By this orientation of ourselves, we reap a great reward, says this psalm. These happy ones, these folks who flourish like trees growing in rich well-watered soil, add value to their own existence and to the world at large.  They “yield their fruit in its season”.  That is to say, they – by a slow, patient, persistent process of maturation – bring forth their unique blessing by which to enhance their arena of influence.  And nothing can stop them from making their very positive difference for good.
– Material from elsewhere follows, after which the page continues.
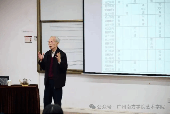 紧接着,郑荣达教授向师生们分享了律学是音乐声学与音乐学的交叉学科,我们熟悉的钢琴用十二平均律,是因听觉有17音分左右允许的误差;而中国传统音乐常用的五度相生律,可通过“三分损益法”理解,甚至能解释为何有些音程听着“不协和”。郑荣达教授还分享了自己设计的乐调对应表,从唐代到明清的“七宫二十八调”“黄钟韵”“大吕韵”,复杂的调名和音高关系,一表便能清晰对应。

For “their leaves do not wither”, even when there is a drought, and “in all that they do, they prosper” – “prosper”, not in the sense of financial wealth or popular “success”, but in the sense of fulfilling the purposes assigned to them.

But please note that the “prosperity” they achieve is not primarily their own doing.  These happy ones are simply those who have let something happen to them, who have allowed themselves to be “planted” like trees.  Now, since no tree has ever planted itself, there must be a Gardener who does for them what they could never do for themselves.  God then is ultimately the responsible One behind the happiness and righteousness of the happy, righteous ones.

On the other hand, the unhappy ones are those who instead rely first and foremost on themselves.  They depend more on their own wisdom and strength than on God’s law and grace.  To their misfortune, their choosing to turn down God’s offer of help makes them vulnerable to becoming undone by the hard knocks of life, which will cause them to become “like chaff that the wind drives away” – like the straw-like husks of winnowed grain tossed into the air so that wind gusts blow away the flimsy casings around the treasured kernels.

Wicked lives then are lost lives.  By following the way that will “perish” in the end, the wicked end up becoming less than they might easily have become and thus they “will not stand in the judgment”.  Because they decided to make their way powered by their own legs, they don’t have a leg to stand on in the judgment.

The happy, righteous ones are not happier or more righteous by virtue of being better people than anyone else.  They are just folks who avail of help from beyond themselves, rely on the Lord to “watch over” their way, and thereby become better people than they used to be, while continuing down the way that makes them still better.  They have true life because they choose to look to God for the wisdom to make the right choice at each fork in the road and for the strength to keep to the path by means of the thousand little follow-up choices that fulfill their big choice to heed God’s law.

We are as close to the Lord, and as empowered by the Lord, as we choose to be.  Let us remember the choice that we must often make and that we alone can!